▸ Exercise details
From the data below, please reproduce exactly everything from the line that contains "上午9点,近百名来自省内外不" down to the line that contains "Düğmeli, salaş kesim", with both ends included.

▸ Source information
▬▬▬▬▬▬

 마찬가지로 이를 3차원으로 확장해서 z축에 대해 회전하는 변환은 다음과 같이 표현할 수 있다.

▬▬▬▬▬▬

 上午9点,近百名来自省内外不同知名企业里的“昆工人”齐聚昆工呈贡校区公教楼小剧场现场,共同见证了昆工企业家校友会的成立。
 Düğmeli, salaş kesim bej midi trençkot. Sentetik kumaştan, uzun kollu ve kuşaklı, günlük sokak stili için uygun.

▬▬▬▬▬▬

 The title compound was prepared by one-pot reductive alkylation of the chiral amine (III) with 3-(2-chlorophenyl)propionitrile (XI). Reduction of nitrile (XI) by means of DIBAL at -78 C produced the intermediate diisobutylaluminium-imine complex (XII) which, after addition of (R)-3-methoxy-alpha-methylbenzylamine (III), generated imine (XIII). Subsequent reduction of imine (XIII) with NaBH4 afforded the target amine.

▬▬▬▬▬▬

▸ Response box
 上午9点,近百名来自省内外不同知名企业里的“昆工人”齐聚昆工呈贡校区公教楼小剧场现场,共同见证了昆工企业家校友会的成立。
 Düğmeli, salaş kesim bej midi trençkot. Sentetik kumaştan, uzun kollu ve kuşaklı, günlük sokak stili için uygun.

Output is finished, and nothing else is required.